At the risk of prompting you to shake your head and say those things you say, summer begins with "Ladies and Gentlemen, start your engines" and ends with the kickoff of the first regular season Bronco game. I've been snowed on after the former and before the latter. Those are summer snow storms. They don't usually last more than a day.
ReplyDeleteFor this native Californian (reared in Los Angeles proper, long resident in the Bay Area), summer begins whenever the rains end, sometime in early May, and often lasts through Thanksgiving. Summer in San Francisco and Oakland means fog ("June gloom"), wind, and highs in the 50s and 60s; travel 15 miles north, south, or east, and the temperature rises at least 25 degrees. For a few days in May and September there will be a "heat wave," meaning highs in the 90s. Winter (January and Feburary, mostly) means rain on the coast, snow in the mountains, and dense tule fog in the Central Valley accompanied by horrific highway accidents. Fall is when school recommences and the wildfires pick up in earnest. Spring is asparagus season.
ReplyDeleteFor the record, I never heard the expression "winter coat" until I was in my 20s. I couldn't fathom why one would need a coat in any season BUT winter.

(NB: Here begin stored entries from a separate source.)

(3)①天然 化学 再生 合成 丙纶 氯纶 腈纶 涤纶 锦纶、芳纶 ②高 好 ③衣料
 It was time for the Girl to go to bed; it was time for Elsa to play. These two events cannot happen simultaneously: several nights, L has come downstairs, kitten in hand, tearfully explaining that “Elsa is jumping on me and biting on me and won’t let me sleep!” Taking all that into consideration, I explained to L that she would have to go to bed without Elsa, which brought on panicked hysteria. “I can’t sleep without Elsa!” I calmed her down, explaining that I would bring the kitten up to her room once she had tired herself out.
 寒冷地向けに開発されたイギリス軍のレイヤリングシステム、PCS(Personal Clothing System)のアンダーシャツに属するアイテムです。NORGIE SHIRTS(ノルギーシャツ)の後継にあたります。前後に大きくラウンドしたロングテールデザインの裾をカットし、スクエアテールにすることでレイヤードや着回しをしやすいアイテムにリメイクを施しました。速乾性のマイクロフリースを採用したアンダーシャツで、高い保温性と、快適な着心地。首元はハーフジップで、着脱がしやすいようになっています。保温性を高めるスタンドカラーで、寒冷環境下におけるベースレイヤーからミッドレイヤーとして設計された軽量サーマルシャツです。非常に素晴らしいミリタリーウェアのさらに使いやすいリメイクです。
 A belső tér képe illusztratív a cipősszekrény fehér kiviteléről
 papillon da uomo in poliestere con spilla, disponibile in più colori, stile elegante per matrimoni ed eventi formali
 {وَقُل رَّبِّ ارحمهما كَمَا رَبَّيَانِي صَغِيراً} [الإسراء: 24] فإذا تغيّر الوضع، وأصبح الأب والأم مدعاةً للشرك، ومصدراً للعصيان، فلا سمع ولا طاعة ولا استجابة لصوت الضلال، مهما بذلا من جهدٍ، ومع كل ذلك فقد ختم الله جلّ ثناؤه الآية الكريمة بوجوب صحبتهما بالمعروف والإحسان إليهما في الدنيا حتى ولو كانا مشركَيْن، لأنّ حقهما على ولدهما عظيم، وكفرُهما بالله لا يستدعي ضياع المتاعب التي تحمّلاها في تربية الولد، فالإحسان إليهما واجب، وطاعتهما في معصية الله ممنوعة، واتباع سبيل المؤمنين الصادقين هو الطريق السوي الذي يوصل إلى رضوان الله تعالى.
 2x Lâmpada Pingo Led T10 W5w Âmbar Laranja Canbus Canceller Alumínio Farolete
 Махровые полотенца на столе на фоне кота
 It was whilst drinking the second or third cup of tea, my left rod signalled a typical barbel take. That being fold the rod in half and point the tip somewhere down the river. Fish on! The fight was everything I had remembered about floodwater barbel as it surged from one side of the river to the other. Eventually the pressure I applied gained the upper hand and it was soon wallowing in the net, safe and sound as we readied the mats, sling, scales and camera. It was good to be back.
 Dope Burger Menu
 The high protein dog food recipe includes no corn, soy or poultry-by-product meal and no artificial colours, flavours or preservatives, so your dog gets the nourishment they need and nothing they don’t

"Thirty years in the paragraph game, and I never figured out the point of stories, often on the front page, about things that everyone already knows: When the temperature hits a hundred degrees or more, the paper is sure to tell you that it is hot outside; when there is a foot of snow on the ground, count on the paper to inform you that it is winter."
ReplyDeleteI always felt there should be a "No S**t!" section of the paper just for headlines and stories like this. Headlines such as "Rising prices due to inflation" belong in this section also.
Here in Florida, we have Summer almost all year long. You know it's Summer when it's hot and humid and there's a thunderstorm at about 3 p.m. almost every day. Fall is when it stops being hot. Winter is the two or three weeks on either side of New Year's Day when you can wear sweaters. Spring is when it becomes too warm for a sweater, but not terribly hot. Summer interrupts Spring far too soon.
ReplyDeleteThere are two weeks of the year I call Junetember, when the weather around Syracuse is the best in the world. They start and close the summer. Otherwise, our seasons would be winter, road construction and state fair.